Le prochain Bashung revient au texte
Il y a peu d’albums que l’on attend autant, cette saison, que celui d’Alain Bashung, qui doit sortir le 25 mars chez Barclay-Universal, semble-t-il sous le titre Bleu pétrole. Après les lueurs obliques, les crissements et les ellipses de L’Imprudence (2002, quand même !) et de la « Tournée des grands espaces » qui avait suivi un peu plus tard, cela va être un choc troublant : Bashung revient au texte, aux valeurs de la chanson explicite, aux mélodies commandées par le sens.
Pour l’écriture, il a travaillé avec Gaëtan Roussel et Gérard Manset – deux générations, comme le symbole d’un passage entre les précurseurs éternellement marginaux des années 60-70 et la gloire sereine de la nouvelle scène.
Donc, trois premiers titres assez acoustiques : Je t’ai manqué, comme pour installer les retrouvailles avec la voix moirée de Bashung, Résidents de la République, le premier single, chanson la plus diagonale de l’album sous la limpidité du discours amoureux, Tant de nuits, une bashunguerie presque littérale d’Arman Méliès et Joseph d’Anvers. Puis déferle l’énergie d’Hier à Sousse, dans lequel on retrouve une des forces de Louise Attaque, son énorme puissance de feu acoustique. De Roussel aussi, plus loin dans l'album, Trapèze, superbe fable aussi conjugale qu’amoureuse (« On dirait qu’on sait lire sur les lèvres/Et que l’on tient tous les deux sur un trapèze (…) On dirait que les pirates nous assiègent/Et que notre amour c’est le trésor/On dirait qu’on serait toujours d’accord »). Et puis Le Secret des banquises, dans lequel il écrit comme un Jacques Lanzmann pour Jacques Dutronc. Sur ce disque, on se rend bien compte que Gaëtan Roussel est là, avec ses guitares acoustiques fébriles, son sens de l’avancée, du mouvement, de la course.
Par comparaison, les titres de Gérard Manset ont quelque chose de cérémoniel : Vénus, son vocabulaire savant et ses arrangements rêveurs et vaguement méditerranéens ; Comme un Lego, qui dure neuf minutes, dans lequel Bashung se fait très docile par rapport à la métrique de Manset, tout en amenant peu à peu la mélopée vers une déchirure moins théâtrale que folk ; Je tuerai la pianiste, avec une hargne désespérée, les plus lourdes guitares électriques de l’album et aussi une solide rythmique de guitare acoustique.

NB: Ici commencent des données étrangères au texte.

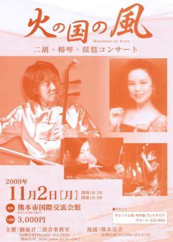 火の国の風 二胡・楊琴・琵琶コンサート お知らせ
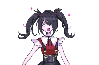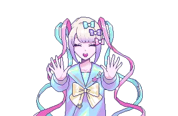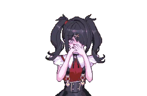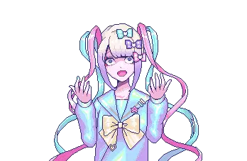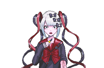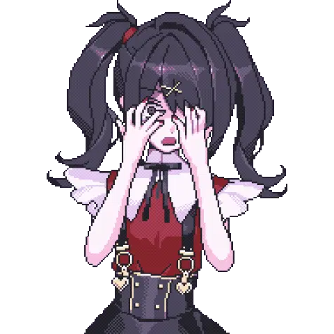 Ame-chan from Needy Streamer Overload (NSO) in pixel art, looking shocked with pigtails and bows.
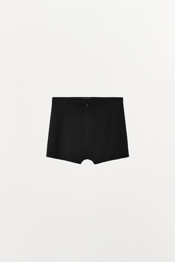 ZARA ШОРТЫ ИЗ СМЕСИ ПОЛИАМИДА НА МОЛНИИ, ЧЕРНЫЙ
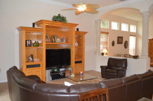 Your perfect home just became available! This fabulous 1 story floor plan is located in a sought after community with beautiful pool, sauna, exercise room, game room, excellent location that is close to everything. Well maintained home with high ceilings, accordion hurricane shutters on all windows, beautiful wood plantation shutters in den and family room. Large master bedroom, huge walk in closet with custom built cabinets, two additional bedrooms with a large size full bathroom, plus an additional den/office with fabulous bay window, this room can be used as a fourth bedroom and it is adjacent to the third full size bathroom. Large three car garage, newer AC and water heater. Backyard is completely fenced in, so you can enjoy a cup of coffee in your screened and covered patio!
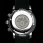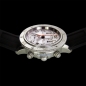 • Opaline silvered sunray dial with a contrasting circular center and light chronograph subdials.
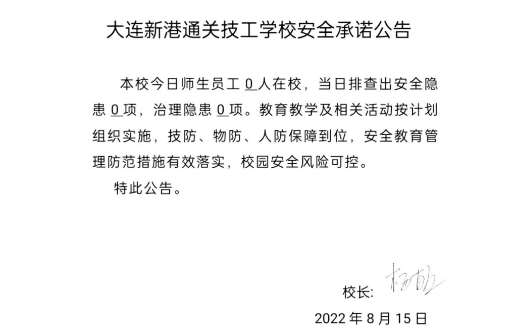 大连新港通关技工学校安全通告(8月15日)
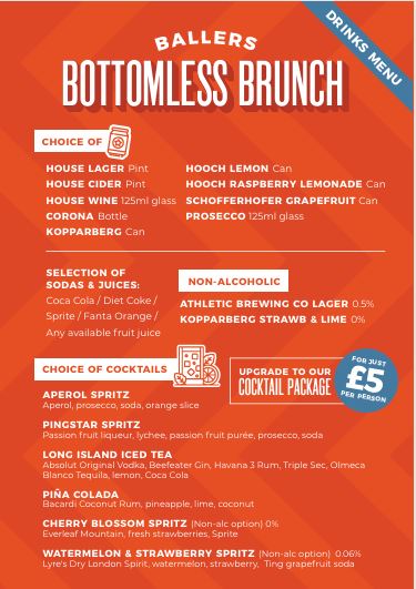For bookings that include many game options, your Bottomless Brunch is split into two parts: 60 minutes of bottomless drinks with gameplay, followed by 30 minutes of food and bottomless drinks at your bar table.
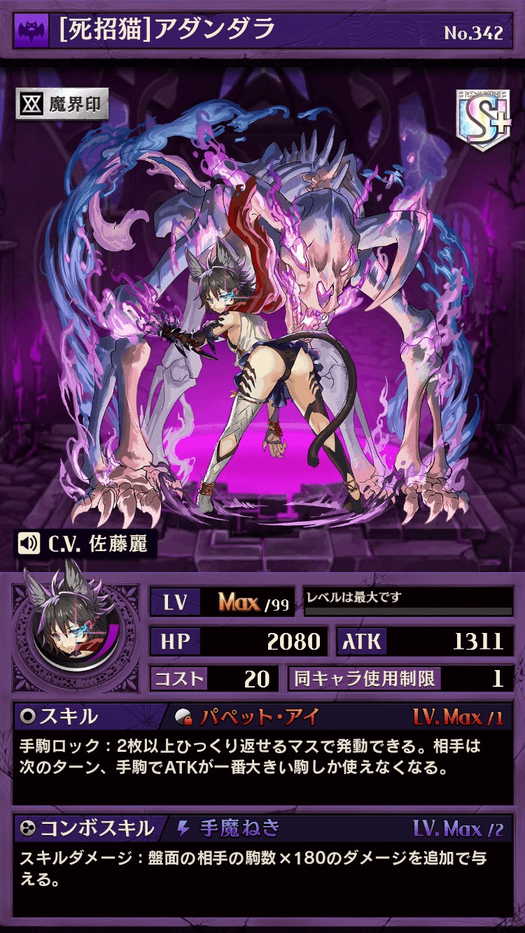[死招猫(ししょうねこ)]アダンダラ(S+) (CV:佐藤麗) 属性:魔
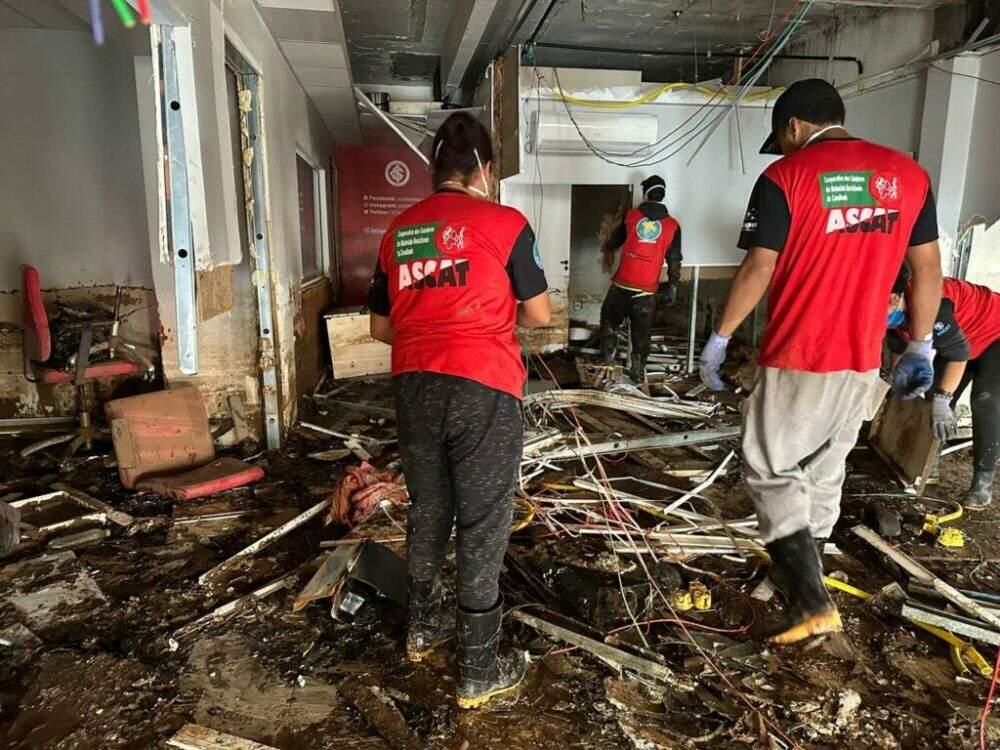 Voluntários da ASCAT retiraram estruturas e equipamentos danificados do CT (Foto: Divulgação/Internacional)
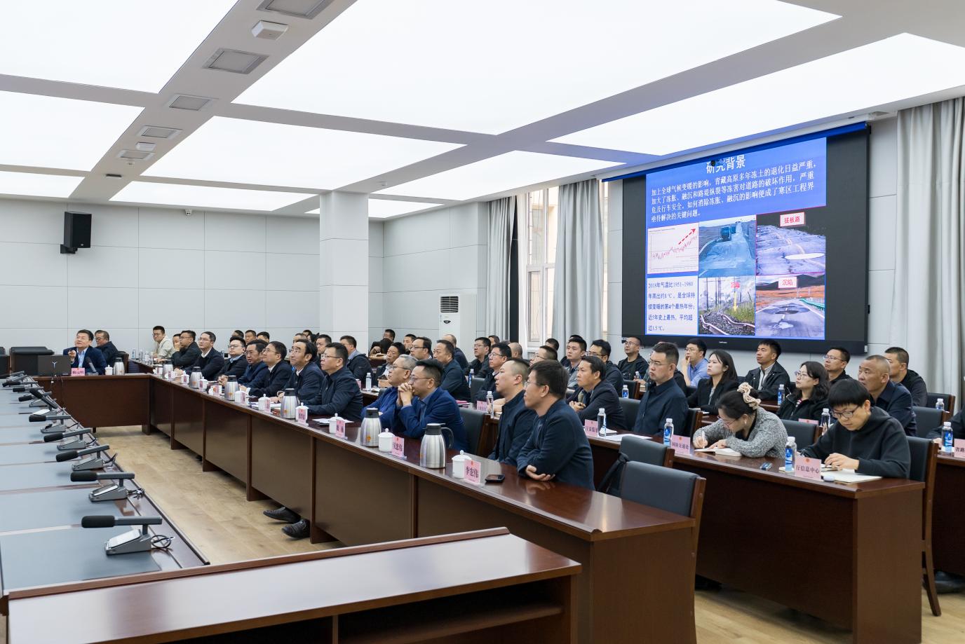 签约仪式结束后,赖远明校长以《寒区道路热学特性分析方法和冻害防治技术》为题,为青海省交通运输厅2026年第一期“交通科技大讲堂”作开篇首讲。讲座围绕气候变暖背景下我国冰冻圈国家重大工程安全建设和运营面临的挑战、关键防控技术及未来科技攻关的前沿方向,结合青藏公路、共玉高速等典型工程案例,深入浅出地阐释了寒区道路热学特性分析的前沿理论,系统介绍了冻土路基主动冷却、隔热层优化、排水系统抗冻等系列关键技术,并对未来智能化监测与预警体系提出前瞻思考。讲座引起了与会人员对寒区道路工程前沿理论浓厚兴趣,现场反响热烈。参会技术人员纷纷表示,赖院士的授课既有理论高度,又具实践深度,为青海公路冻害防治提供了可落地、可复用的技术路径。
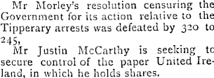 Mr Morley’s resolution censuring the Government for its action relative to the Tipperary arrests was defeated by 320 to 245 ’ Mr Justin McCarthy is seeking to secure control of the paper United Ireland, in which he holds shares.
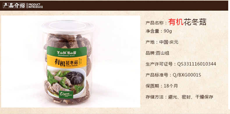 【百山祖】丽水特产 有机花冬菇花菇蘑菇野生椴木干香菇90g
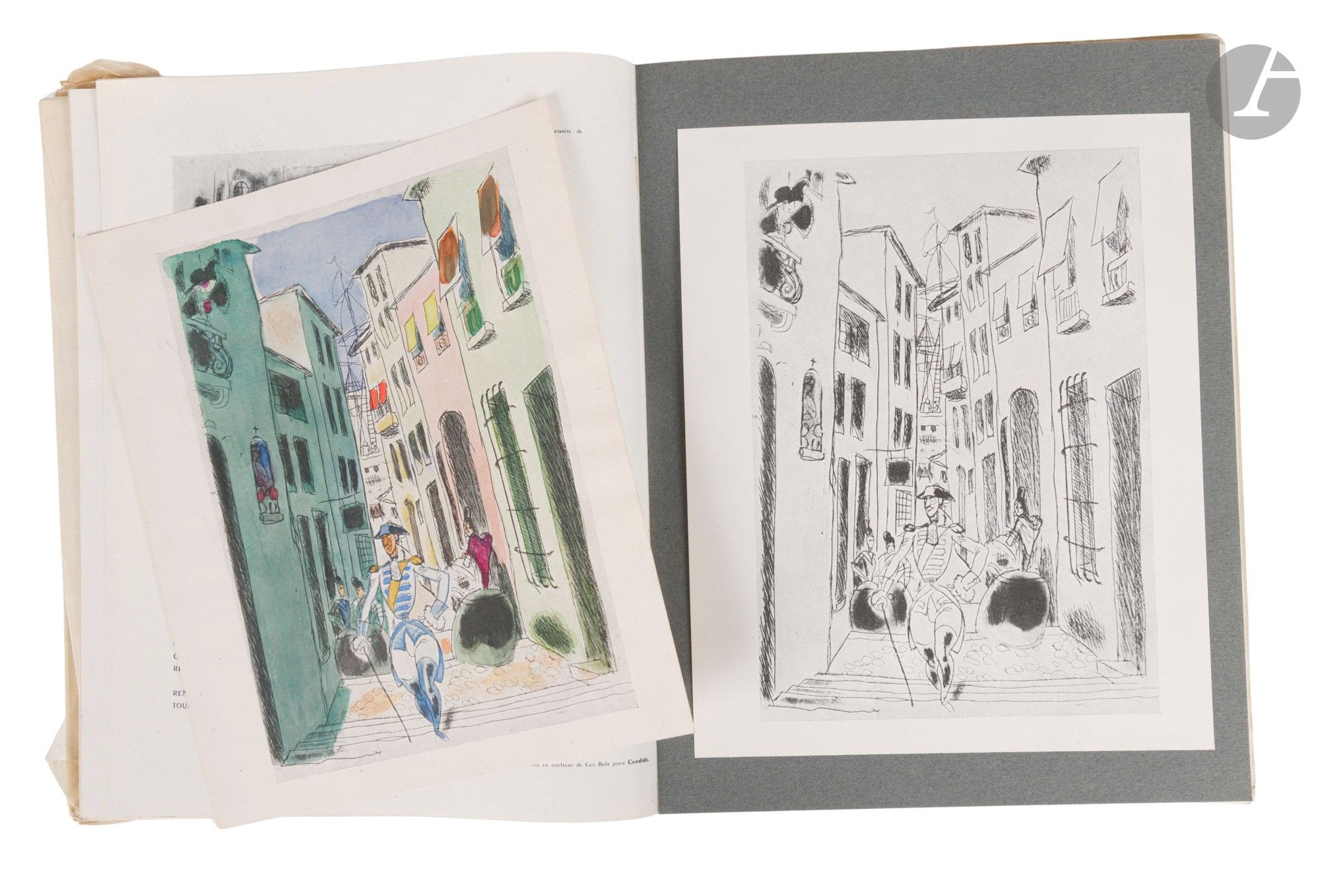 - 5 reproductions d’une même gravure de Gus Bofa (4 en noir et une en couleurs),

A la fin de l’album, Il voyage en solitaire, dans lequel il ne peut se défaire des contours de l’interprétation canonique de Gérard Manset.
Avec Manset et Roussel, Bashung revient à la mélodie, à la chanson chantée (l’anti-Osez Joséphine, ligne de chant impossible à reprendre sous la douche), à l’arrangement construit autour du texte. Moins d’abstraction, moins d’énigmes, moins de décrets jetés avec les grands gestes du poète devant son vaste chaudron.
Et puis une reprise du Suzanne de Leonard Cohen avec le texte français de Graeme Allwright, en version mid-tempo électro, comme pour confirmer une généalogie souvent sous-évaluée.